3. You retain the freedom to publish where you see fit

Authors retain the freedom to publish in a journal of their choice, whilst complying with all known external requirements including for next national research assessment following REF 2021. This is not always possible without this policy, especially not when open access requirements aligned with the international open access initiative Plan S are in force, such as for National Institute for Health and Care Research (NIHR) and UK Research and Innovation (UKRI) funded research.

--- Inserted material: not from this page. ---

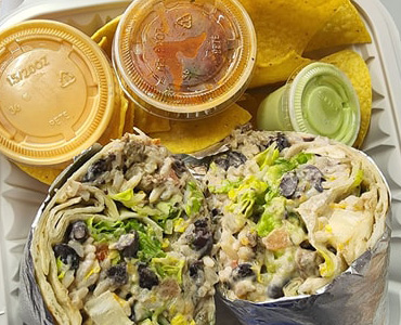 Burrito with flour tortilla, rice, black beans, protein, shredded cheese, sour cream, pico de gallo, medium-spicy sauce, and romaine lettuce

Plan S requires that ‘scientific publications that result from research funded by public grants must be published in compliant Open Access journals or platforms’, which means they must be published in fully open access journals but not in so-called hybrid journals (which offer both subscription and open access content) unless the publisher has committed to transition the journal to a fully open access journal within a certain timeframe, or that the author accepted manuscript must be available from a repository from the date of first publication under the CC BY licence. Under Plan S rules, authors would not be able to publish in subscription-based journals without a compliant self-archiving policy that allows immediate open access under the CC BY licence, or in hybrid journals that are not compliant with Plan S requirements for such journals, or that are simply too costly to publish in (the open access fee for Nature-branded journals is EUR 9,500).

4. You automatically comply with all external requirements

Our rights retention mechanism guarantees you can publish in any journal, in the full knowledge that you will comply with Plan S rules–which covers funders such as UK Research and Innovation (UKRI), the National Institute for Health and Care Research (NIHR), and the Wellcome Trust–, and with the forthcoming open access requirements for the national research assessment REF 2029.